Website Link Includes Video.

 

Chairperson of UN Permanent Forum on Indigenous Issues, Myra Cunningham, Message - International Human Rights Day 2011 - Women

 

December 10, 2011 — International Human Rights Day, we want to acknowledge the hard work of millions of indigenous women who in adverse conditions, hit with multiple forms of violence contribute with their resilience capabilities to the lives of their people’s. To them we dedicate this day, to the defenders of the rights of indigenous women who run enormous risks to do their job.

Indigenous peoples have fought for centuries against genocide, displacement, colonization, and forced assimilation, preserving their cultures and identities as distinct peoples. The ongoing attack has left Indigenous communities among the poorest and most marginalized in the world, alienated from State politics and disenfranchised by national governments.

Human rights and the very survival of indigenous peoples around the world are threatened by policies predicated on racism, exclusion, and worldviews that are inimical to indigenous life. In many parts of the world, a centuries-long attack on indigenous peoples has escalated in recent years, as States and corporations scramble for control of the Earth’s dwindling supply of natural resources—many of which are located on Indigenous territories.

In order change this reality; on September 13, 2007 the United Nations Declaration on the Rights of Indigenous Peoples was adopted by the General Assembly. It set a standard for the treatment of indigenous peoples around world and functioned as a significant tool towards eliminating human rights violations.

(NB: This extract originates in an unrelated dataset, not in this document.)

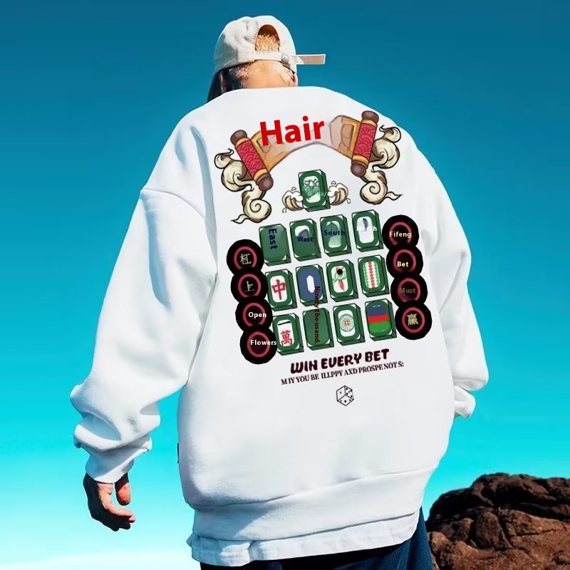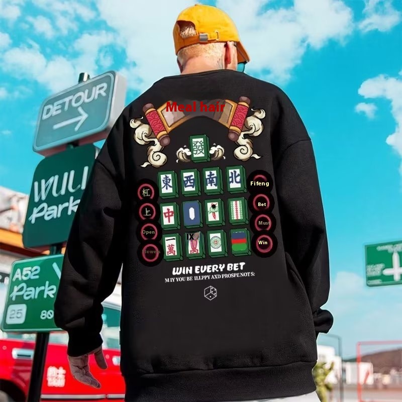 Sweat And Mahjong Printed Long-sleeved T-shirt Men's Crewneck Sweat And Couple's Top Fashionable Loose

At the moment, indigenous women face human rights violation of near-universal scope, which are mediated in each case by aspects of identity beyond gender, including race, class, caste, religion, sexual orientation, geography, and ethnicity. For indigenous women, gender-based violence is shaped not only by gender discrimination within Indigenous and non-Indigenous arenas, but by a context of ongoing colonization and militarism; racism, social exclusion and poverty-inducing economic and “development” policies.

For indigenous peoples and indigenous women exercising our rights depend on securing legal recognition of our collective ancestral territories. Our territories are the basis of our identities, our cultures, our economies, and our traditions. Indigenous rights include the right to full recognition as peoples with our own worldview and traditions, with our own territories, our own modes of organization within nation-states; the right to self-determination through our own systems of autonomy or self-government based on a communal property framework; and the right to control, develop, and utilize our own natural resources.

Indigenous peoples have found in the human rights paradigm a cohesive global language, a moral framework, and a legal structure through which to pursue our claims.

Today, December 10, 2011 we celebrate the International Human Rights Day. A day where millions of people claim their inalienable fundamental rights; rights that belong to each of us equally and bind us together as a global community with the same ideals and values.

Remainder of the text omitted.